Deputy Chairman of the Council of Ministers of the Armenian SSR
- In office December 1962 – 23 December 1965

Secretary of the Central Committee of the Communist Party of Armenia
- In office 24 December 1962 – 5 February 1966

Personal details
- Born: Yeghishe Tevosi Astsatryan 2 September 1911 Chartar, Shusha uezd, Elizavetpol Governorate, Russian Empire
- Died: 2 December 2008 (aged 97) Yerevan, Armenia
- Party: CPSU / Communist Party of Armenia
- Education: Tbilisi Industrial Institute
- Occupation: politician, statesman

= Yeghishe Astsatryan =

Soviet Armenian politician (1911–2008)

Yeghishe Tevosi Astsatryan (Եղիշե Թևոսի Ասծատրյան; 2 September 1911 – 2 December 2008) was a Soviet Armenian politician and statesman who served as Deputy Chairman of the Council of Ministers of Armenia under First Secretary Yakov Zarobyan.

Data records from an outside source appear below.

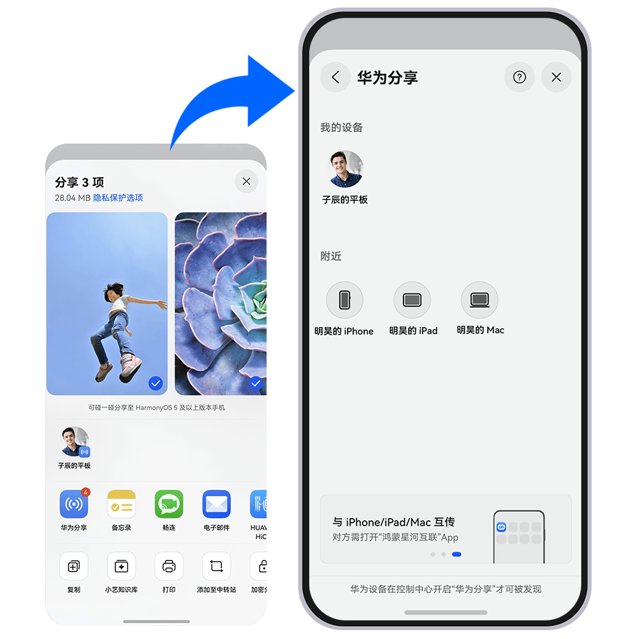 据了解,该应用的 iPhone 与 iPad 版本已于 11 月 20 日先行上线,而 Mac 版本近日才上线,意味着华为已实现与、平板、电脑的“三端全面互通”,为用户在不同品牌设备间进行数据交换提供了新的官方选择。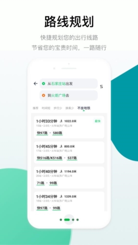 5、线路换乘: 输入起点与终点,应用将快速提供多种可行的公交换乘方案。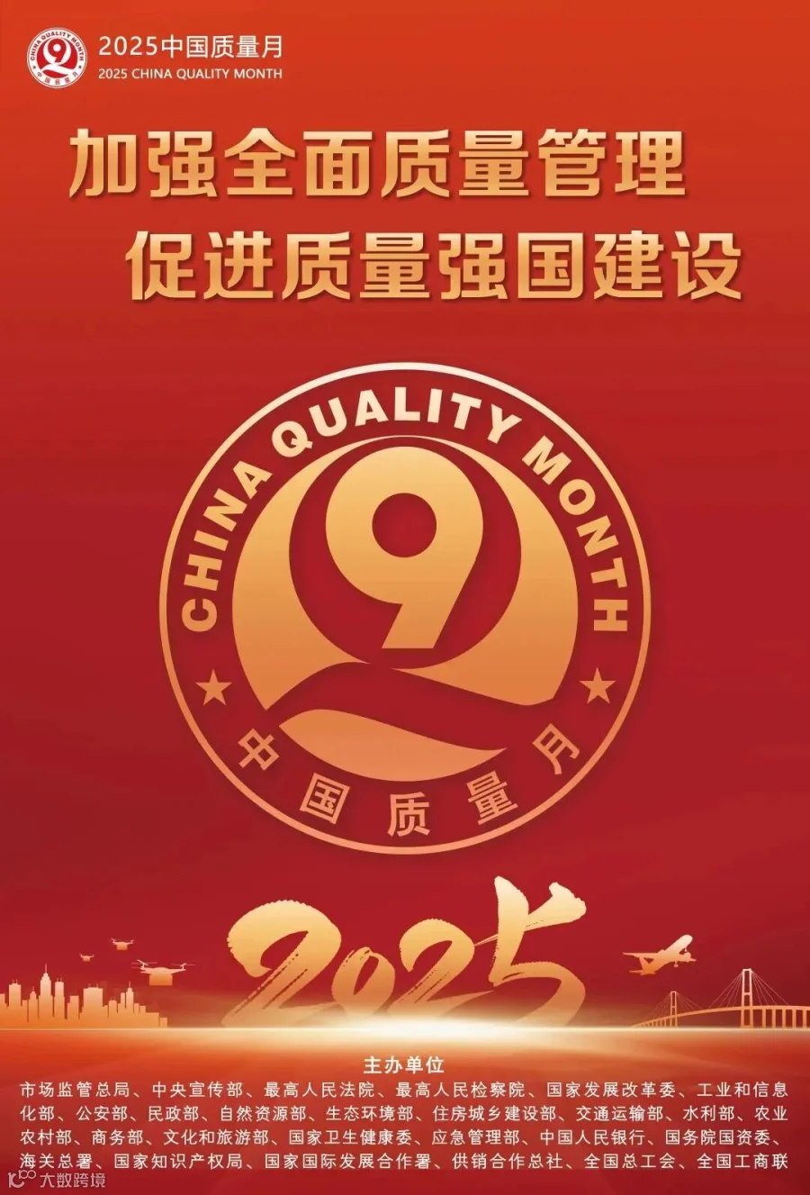 2025年9月,市场监管总局、中央宣传部、工业和信息化部等26个部门将联合开展全国“质量月”活动。今年全国“质量月”活动以“加强全面质量管理 促进质量强国建设”为主题,全面贯彻党的二十大和二十届二中、三中全会精神,落实《质量强国建设纲要》部署,大力推广科学的质量管理理念方法,深入推进质量强企、强链、强县(区、镇),提升各领域全面质量管理水平。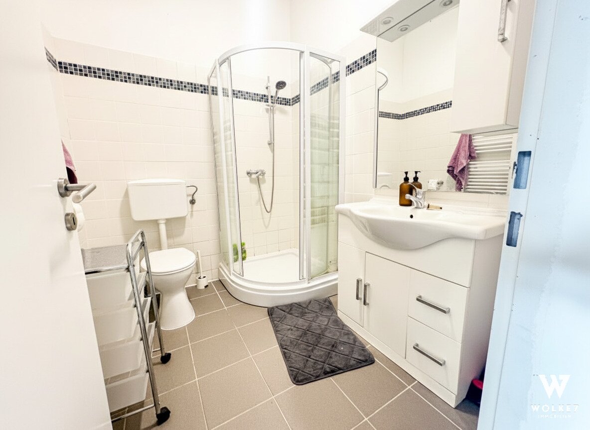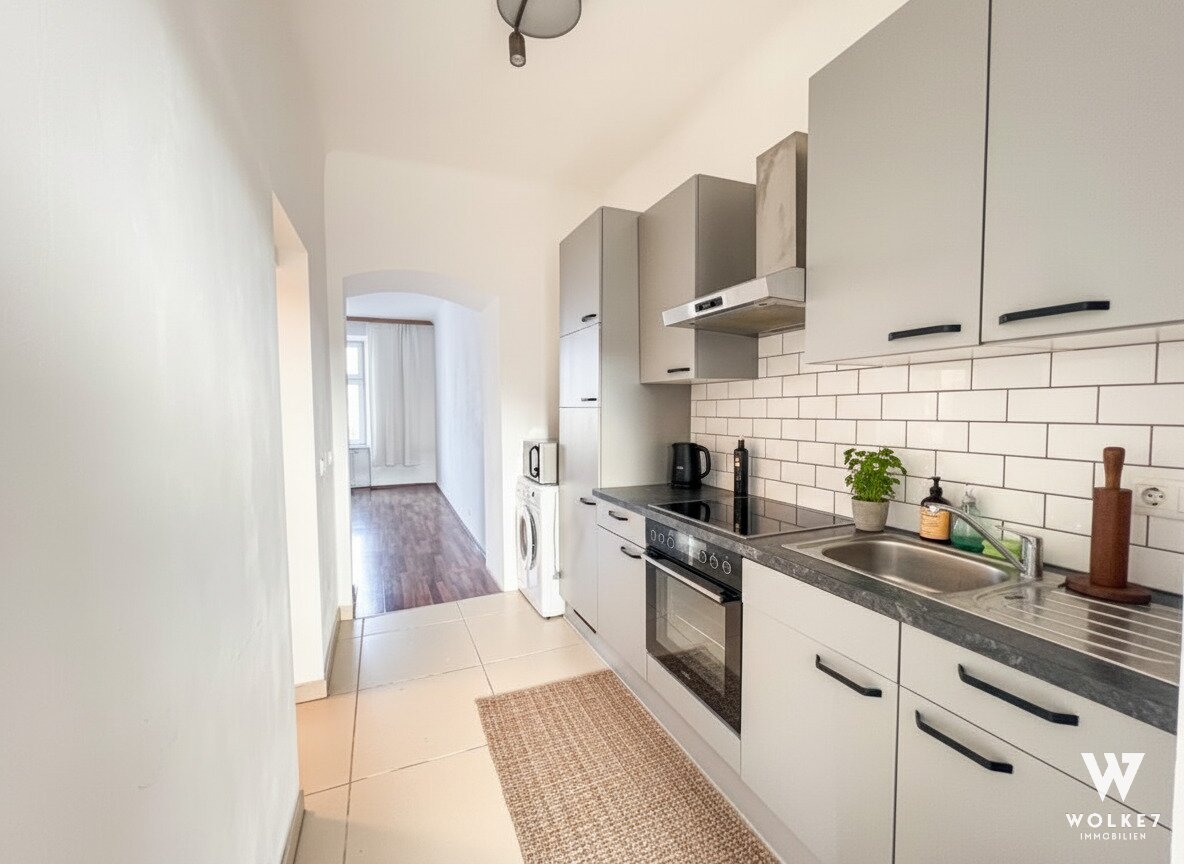 Ein praktischer Abstellraum direkt neben der Wohnung steht zusätzlich zur Nutzung zur Verfügung. Küche und Badezimmer sind möbliert und sofort benutzbar.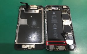 たまに、自己修理失敗で燃えたバッテリー付のiPhoneをお持ち込みされるお客様もいらっしゃいます。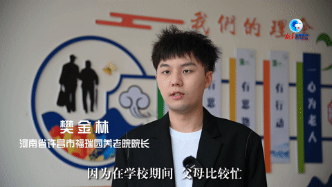 95后河南小伙樊金林头发微卷、穿着时髦,目前正管理运营4家养老院,担任养老院院长。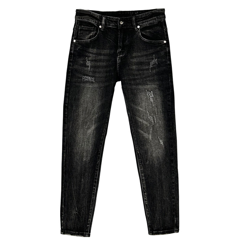 春季九分牛仔裤男修身小脚潮流舒适新款黑色水洗弹力韩版牛仔裤男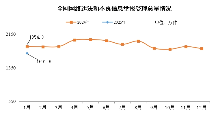 中央网信办举报中心2月17日公布的数据显示,2025年1月,中央网信办举报中心指导全国各级网信举报工作部门、主要网站平台受理网民举报色情、赌博、侵权、谣言等违法和不良信息1691.6万件,环比下降6.2%、同比下降8.8%。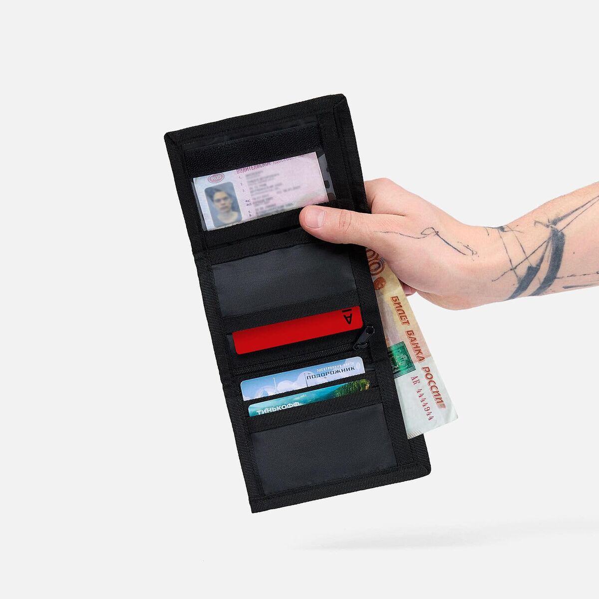 ОписаниеКлассический кошелек Anteater из премиального полиэстера 900D с застежкой на липучке идеально подходит для хранения ваших денег, банковских карт и других важных вещей. Внутри располагается прозрачный кармашек для прав или удостоверения личности, отделения для карт, большой карман для купюр и кармашек для мелочи на молнии. У него максимально удобный размер, который легко помещается в карман или сумку.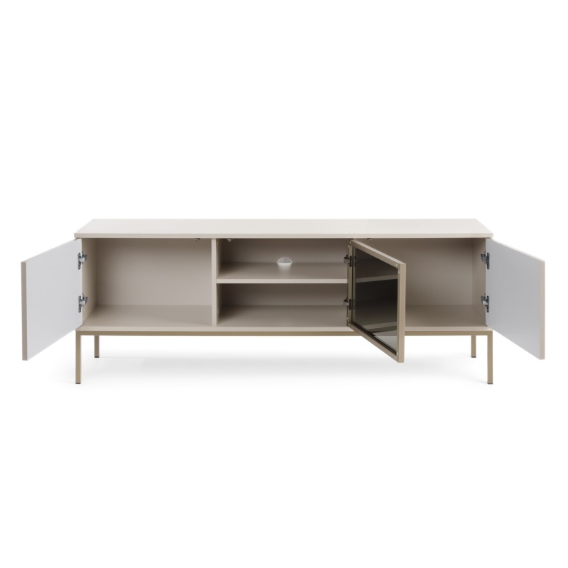 Sento to szafka RTV, która zachwyca swoimi frezowanymi frontami wykonanymi w kolorze kaszmirowym, który nadaje meblowi niepowtarzalnego uroku, wprowadzając do Twojego wnętrza nutę elegancji i przytulności. Korpus utrzymany w kolorze szampańskim, idealnie komponuje się z całością, dodając jej wyjątkowego charakteru.Jedne drzwi z hartowanego szkła to nie tylko element designerski, ale również praktyczne rozwiązanie. Dodatkowo, dzięki zastosowaniu oświetlenia LED, każda prezentowana na półkach rzecz staje się jeszcze bardziej widoczna i efektowna, tworząc niesamowitą atmosferę w Twoim wnętrzu. Szafka RTV Sento została wyposażona w zamykane półki. Dzięki nim możesz bezpiecznie przechowywać różnego rodzaju akcesoria czy kable, utrzymując porządek w swoim salonie.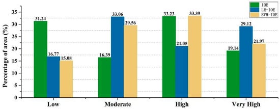In terms of the proportion of the final susceptibility mapping results (Figure 5), it can be observed that the proportion of high and very high regions obtained by the three models is about 52%. Among them, the LR–IOE model has the lowest result (50.17%), which implies an efficient result corresponding to the LR–IOE model, and it can also improve the efficiency of decision-making and reduce costs.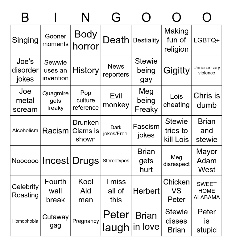 This bingo card has a free space and 48 words: Herbert, Gigitty, Peter laugh, Racism, Pop culture reference, Brian and stewie, Gooner moments, Cutaway gag, Making fun of religion, Stereotypes, LGBTQ+, Death, Lois cheating, Meg being Freaky, Celebrity Roasting, Stewie tries to kill Lois, Joe's disorder jokes, Unnecessary violence, Chicken VS Peter, Bestiality, Stewie being gay, Drunken Clams is shown, Singing, Sewwie uses an invention, SWEET HOME ALABAMA, History, Chris is dumb, Homophobia, Evil monkey, Quagmire gets freaky, Stewie disses Brian, Fascism jokes, Mayor Adam West, Fourth wall break, Alcoholism, Brian gets hurt, Meg disrespect, Joe metal scream, Drugs, Kool Aid man, Noooooo, Peter is stupid, Body horror, Pregnancy, News reporters, I miss all of this, Incest and Brian in love.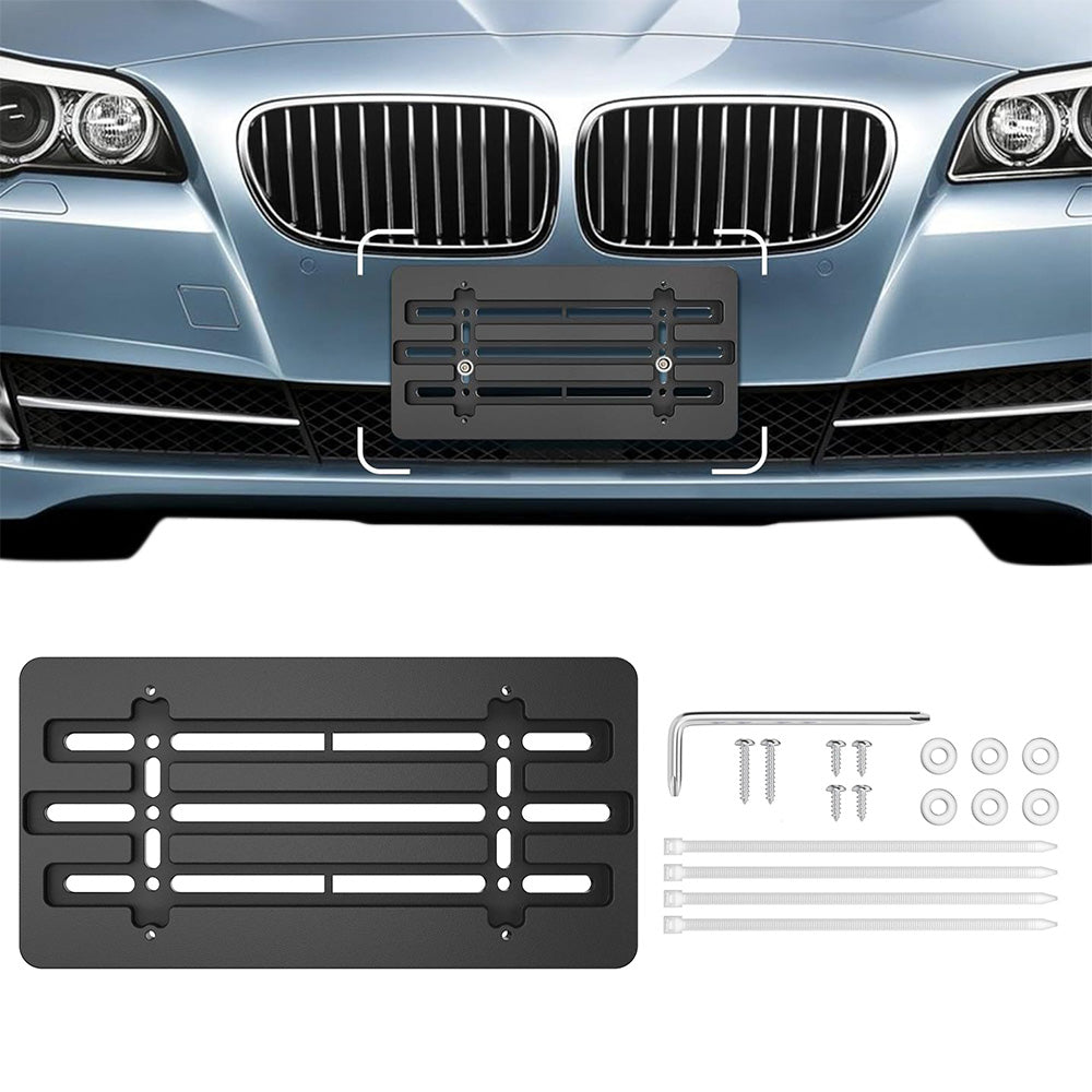 Durable and easy-to-install front license plate bracket kit, compatible with most vehicles for a sleek and secure fit.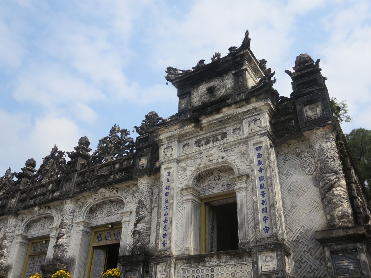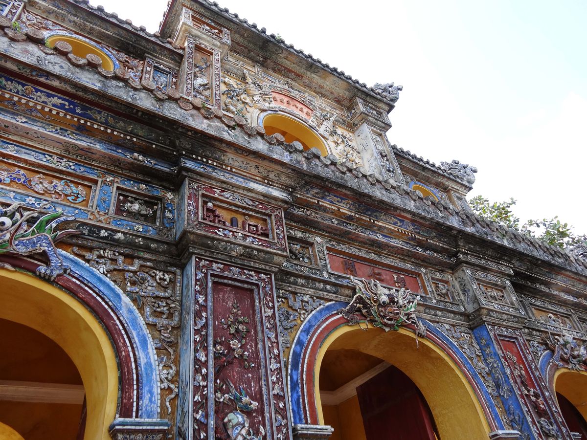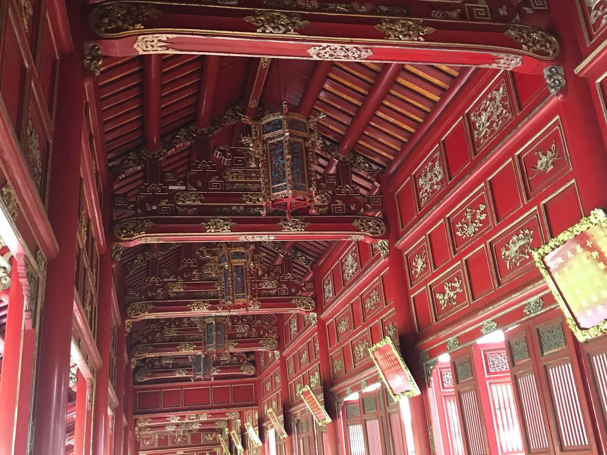 フエの王宮はベトナム戦争時に破壊されてしまった部分が多いのですが、修復も少しずつ進んでいるようです。沖縄ともまた違いますが、建物からは中華圏にあったのだなと感じました。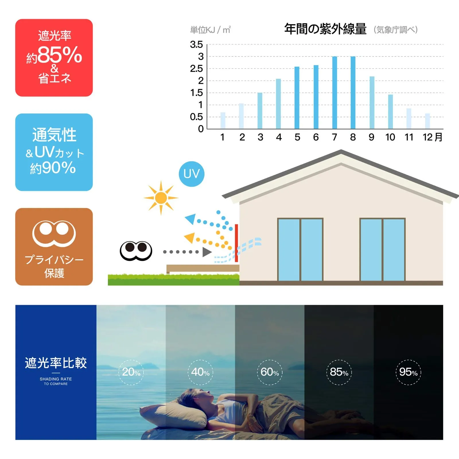 紫外線UVカット率が90%以上,遮光率は約85%。紫外線に強い、色褪せや紫外線劣化に強い糸で織られた生地を使用。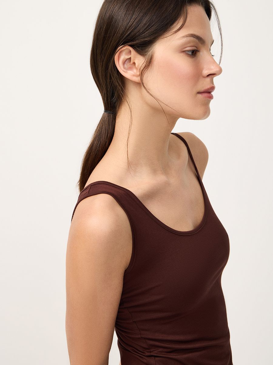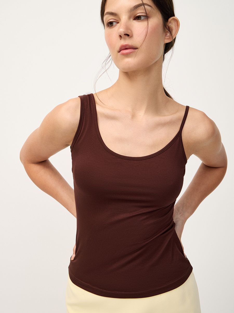 Асимметричный топ Two Type — игра на контрастах и графичное переосмысление базовых изделий. Модель, в которой два силуэта соединены в одном. Ассиметричные бретели делают топ сложным по конструкции и визуально запоминающимся. Сочетайте с брючными костюмами в стиле modern tailoring или любой лаконичной базой — этот топ станет тем самым акцентом, который меняет звучание классического образа.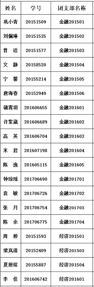 经个人申报、团支部推荐,学院团委评议,现场答辩,报学院党委审定,现将冰球突破mg正规官网2017-2018学年度“五四”团内表彰名单公布如下: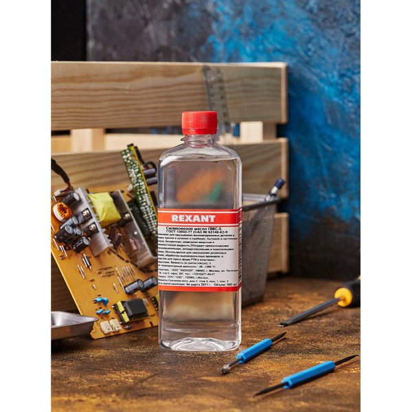 ПолиМетилСилоксановая жидкость ПМС-5 (ГОСТ 13032-77) REXANT — бесцветная прозрачная химически инертная и коррозионностойкая силиконовая жидкость без запаха.

A native of Chartar village in Nagorno-Karabakh, Astsatryan was a prominent figure in Armenia during the Khrushchev Thaw. He maintained close ties with Anastas Mikoyan and regularly consulted with him on affairs in Soviet Armenia and the Nagorno-Karabakh Autonomous Oblast (NKAO). He was a recipient of the Order of Lenin and a two-time recipient of the Order of the Red Banner of Labour, as well as the Order of St. Mesrop Mashtots.

== Memoirs ==

- Astsatryan, Yeghishe T. (2004). "XX դար. Հայաստանի կառուցման ճանապարհին"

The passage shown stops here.